The orgeat is spiked with pho spices. The gin is infused with persimmon, the simple syrup is pandan flavored, and the vermouth mimics sâm bổ lượng, harnessing flavors of a classic Chinese cold dessert soup popular in Vietnam. Both cocktails and desserts cleverly twist savory, traditional ingredients in ways that make me wonder aloud, “Will I like that?” (And yes. Pho spices and fish sauce are far more versatile than I might expect.)

Domino effect

At 6:12pm, Tien was on a ladder with a huge grin spread across his face, screwing lightbulbs into chandeliers he had just hung in the new, freshly painted space on F Street Northwest, about a mile and a half away from Moon Rabbit’s former location at the InterContinental at the Wharf. The dining room filled up with diners who shrieked and greeted one another. It was unlike anything I’d seen before, except at family reunions.

Out of pure happenstance, I had dined at the old Moon Rabbit mere days before The Washington Post broke the explosive news of its sudden closure in May 2023 after it failed to unionize its staff. Eater DC referred to this as the “domino-effect demise of the restaurant a mere five hours later” and followed its “shell-shocked regulars [who] dropped everything and beelined to the Wharf for one more taste of chef Kevin Tien’s contemporary Vietnamese cooking.” The previous restaurant had been owned by the InterContinental, but Tien retained ownership of its name.

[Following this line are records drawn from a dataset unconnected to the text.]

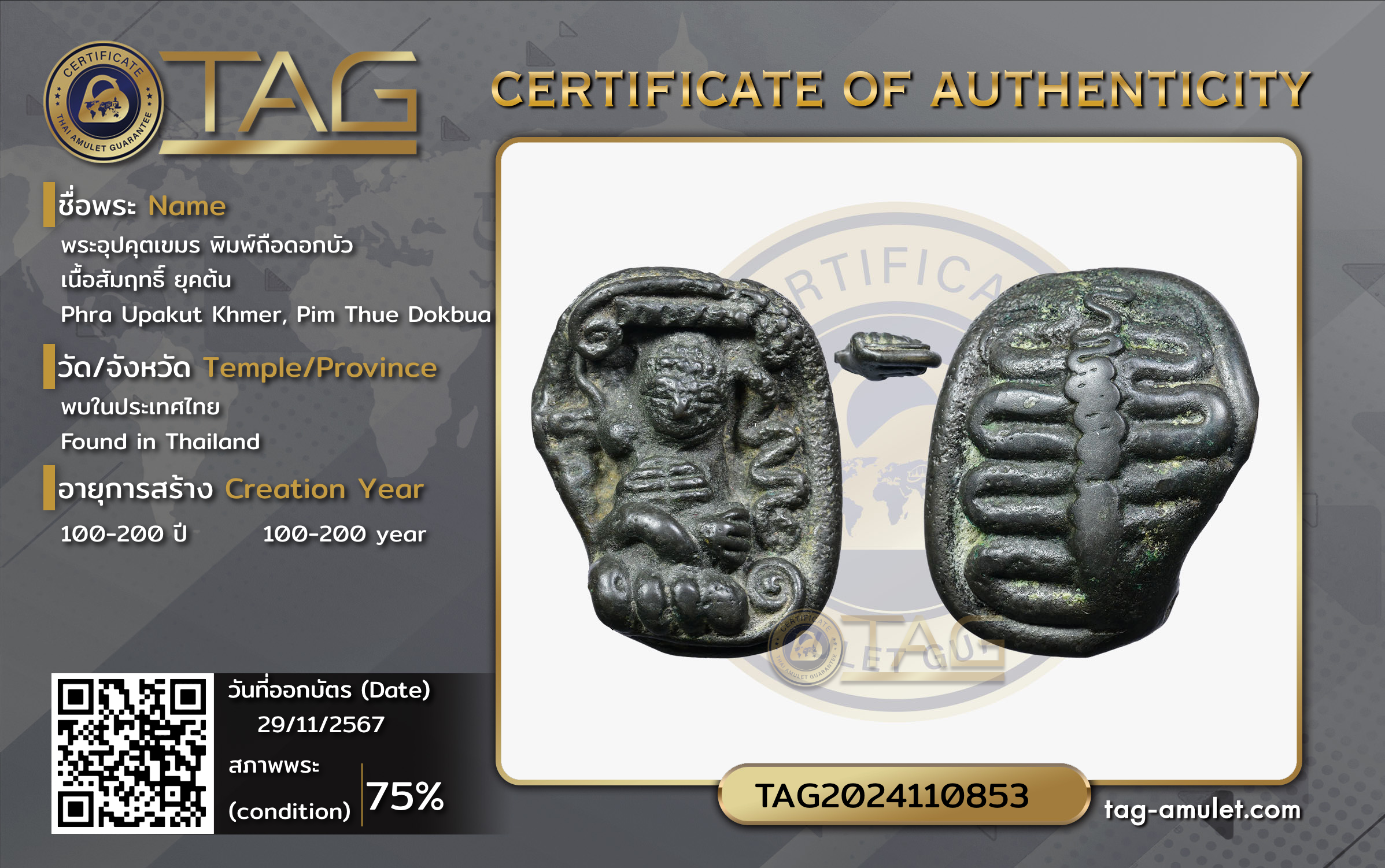 Thank you for reading this post, don't forget to subscribe! พระอุปคุต เขมร เป็นพระที่มีอายุการสร้างประมาณ 100 ถึง 200 ปีพุทธลักษณะ เป็นศิลปะแบบเขมร ในยุคต้นจะสร้างด้วยเนื้อสัมฤทธิ์แก่เงิน ผิวออกเทาอมดำ ยุคต่อมาสร้างด้วยสัมฤทธิ์ทอง สัมฤทธิ์ลงหิน พระอุปคุตทุกองค์ไม่ว่าจะสร้างขึ้นในสมัยใดก็ตาม จะไม่เหมือนกันเลยแม้แต่องค์เดียว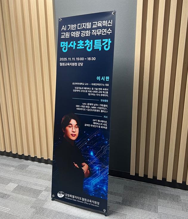 11월 11일(화) 오후 3시, 철원교육지원청 대강당에서 진행된 이시한 작가의 ‘AI Generation & Edu’ 명사 특강이 큰 호응 속에 마무리됐다.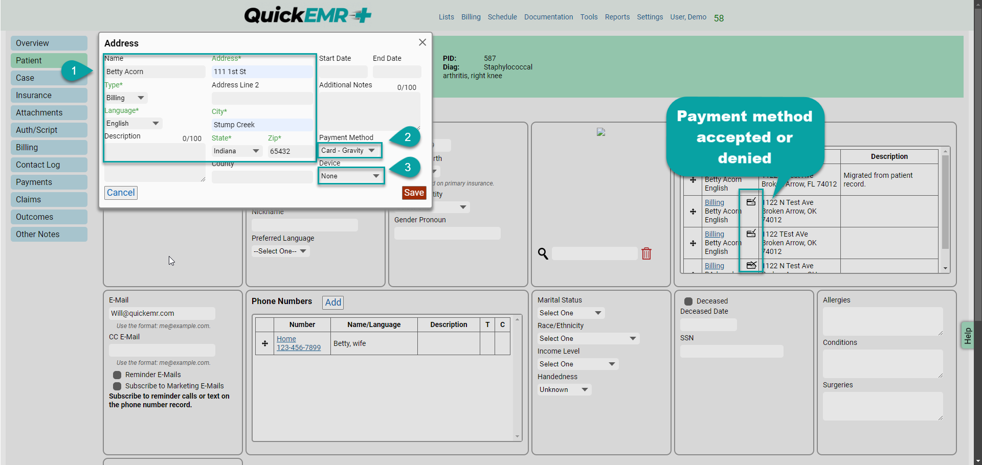 1. To save a payment method into QuickEMR, you will first need to navigate to the Patient tab within their case file. Once there, find the Addresses box and select "Add".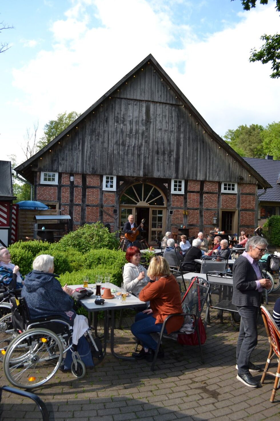 Die Terrasse mit Gartenmöbeln schließt direkt an unsere Cafeteria an. Bei guter Witterung kann man Kaffee und Kuchen also auch gerne ins Freie verlagern. Oder man setzt sich einfach in die Sonne, schließt für einen Moment die Augen und lauscht dem beruhigenden Klang des Springbrunnens…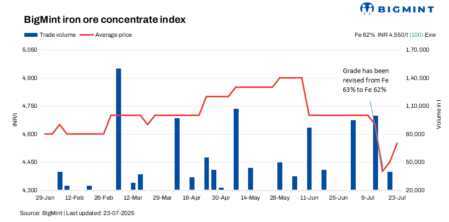 BigMint’s bi-weekly index for Fe 62% concentrates stood at INR 4,550/t exw ($53/t) exw, up by INR 100/t ($1/t) as against the last assessment on 19 July. Meanwhile, Fe 63% iron ore concentrate prices are hovering in the range of INR 4,600-4,700/t ($53–54/t) exw, reflecting a firm pricing outlook supported by current market fundamentals.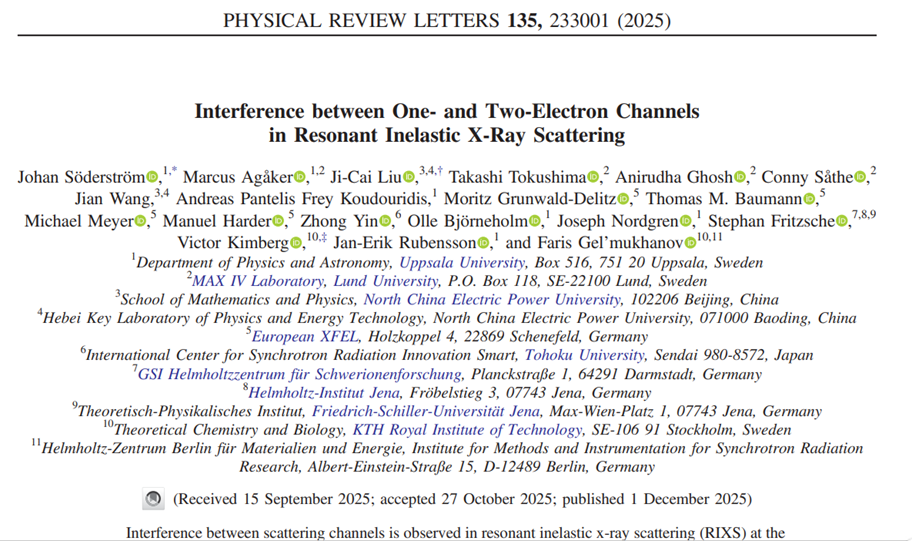 近日,公司6776永利集团刘纪彩教授团队与瑞典乌普萨拉大学、隆德大学、瑞典皇家工学院、欧洲XFEL等多个国际知名实验团队合作,在物理学领域顶级期刊Physical Review Letters上发表了《Interference between One- and Two-Electron Channels in Resonant Inelastic X-Ray Scattering》学术论文,刘纪彩教授为论文的共同通讯作者(理论工作),博士生王翦参与论文的计算模拟。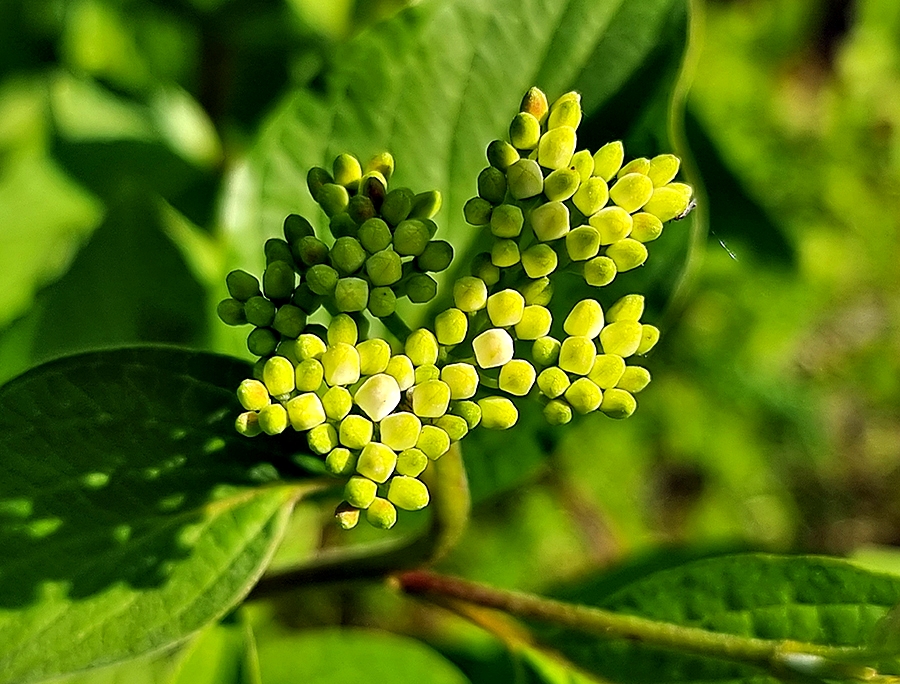취산꽃차례에 달린다. 꽃잎은 4장이고 타원형이며 흰색이다. 열매는 핵과이고 둥글며 검게 익는다.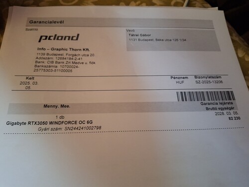 rtx 3050 oc 6gb 3 év garancia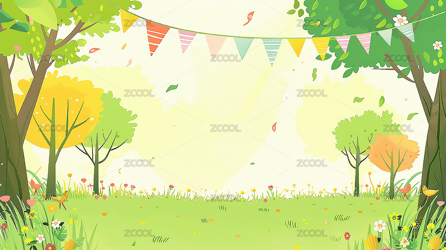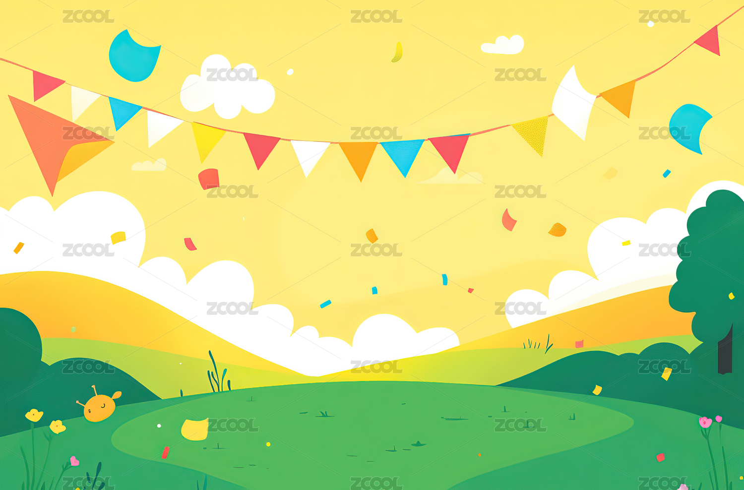 可爱卡通六一儿童节彩旗玩耍场地背景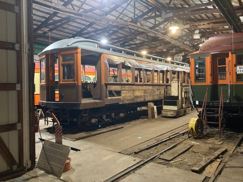 Car 1808 under restoration at IRM in 2023 Hicks Car Works photo: https://hickscarworks.blogspot.com/2023/07/fresh-paint-up-top.html |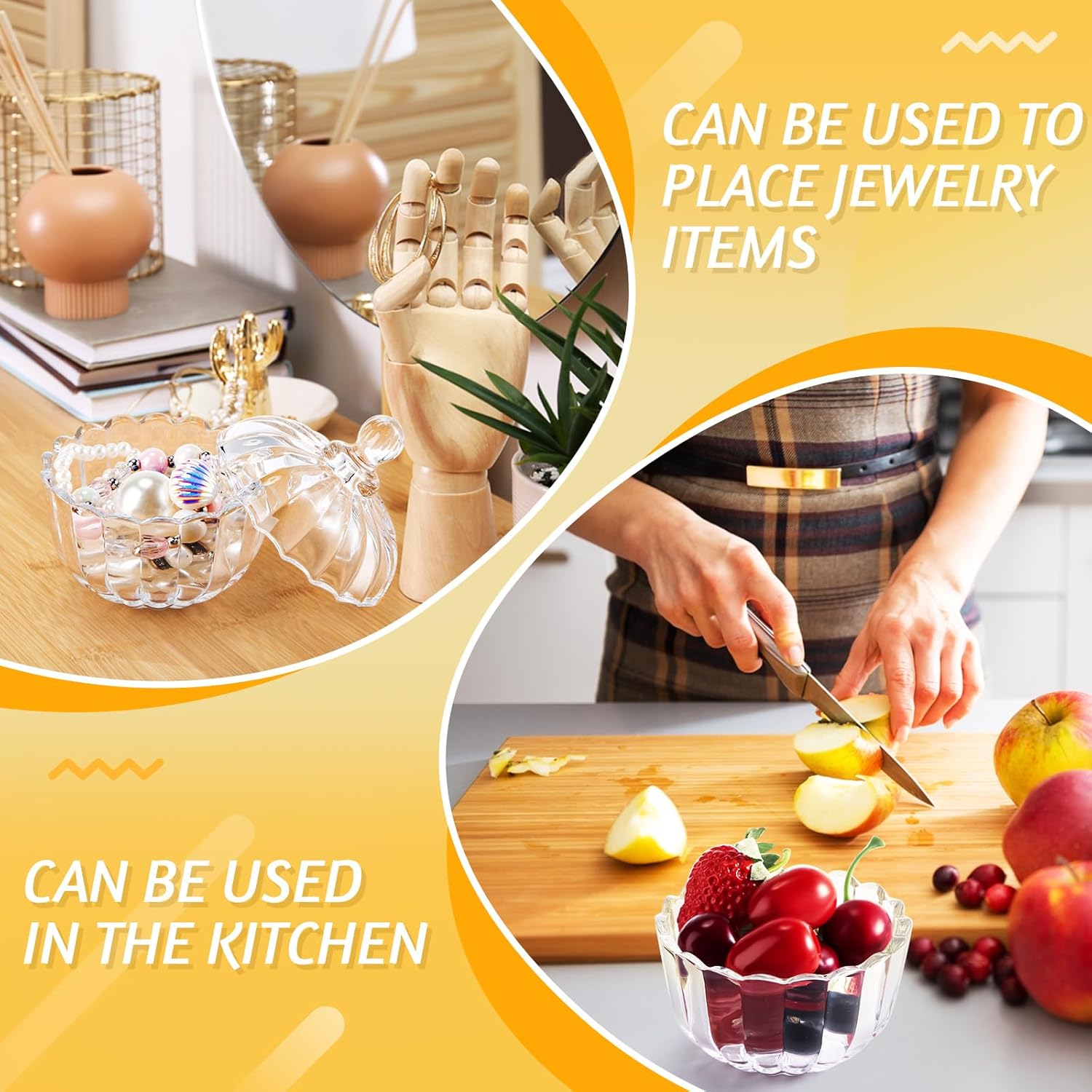 Features: Lovely home decoration: These glass candy jars can be placed in your home for decorations, such as kitchen, bedroom, bathroom, living room, garden and more, impressing your guests when they first arrive. Easy to carry: Each crystal candy dish can be easily stored in your bags for outdoor activities like camping and picnic. Specifications: Main material: glass Color: as shown in the picture Package includes: 16 x Wedding candy buffet jars Notes: Manual measurement, please allow slight errors on size. The color may exist a slight difference due to different screen displays. Fragile products are included, please handle the glass with care, ensure that children use them under the supervision of adults

The new Moon Rabbit opened as suddenly as the old had closed. Tien had signed the new lease four days prior. There wasn’t yet a sign hanging outside. Tien had spent the afternoon hanging light fixtures. He asked his staff to bring in random things from home to decorate the empty built-in shelves. He borrowed dining room chairs from José Andrés.

The Moon Rabbit team.

The Moon Rabbit team, with Kevin Tien (top right) and Susan Bae (bottom right). Credit: Rachel Paroan

Tien told me this and clasped his hands, as in prayer, “Thank you José! This really was a community effort.” There were no new hires. In a matter of days, he managed to wrangle his old staff, about 20 people, back from working in other restaurants. And the following day, the official day of their reopening, coincided with the start of Restaurant Week in DC. “Outsiders might think we’re crazy,” Tien remarked with a laugh.

In the weeks following, both Tien and Bae were recognized as semifinalists in the James Beard Foundation Awards this year. Their custom moss green furniture arrived from Turkey. The shelves have been filled with artefacts like tins of Café du Monde chicory coffee and throwback family photos.

“Now that we have been open a few weeks, it really feels like we have settled into our new permanent home,” says Tien.

The menu they’re serving today is similar to the one I enjoyed at the pre-opening of Moon Rabbit 2.0. Some of the sauces on the dishes have been tweaked, and they’ve since added an attractive $69 chef’s choice option that will grow later into a chef’s tasting menu.

Tien is no longer cooking within the confines of a large luxury hotel, and I ask him what the differences are between the old and new Moon Rabbits. “I like to say we’re completely different. We’re exploring deeper into Vietnamese cuisine. At the hotel, we had to be more mindful of making things more approachable. But now we can push Vietnamese food, push its flavors, compositions and the ideas of the dishes to retain a Vietnamese identity but [presented] in a new way. If someone eats here, I want them to think it tastes like my grandma’s food but doesn’t look anything like my grandma’s food.”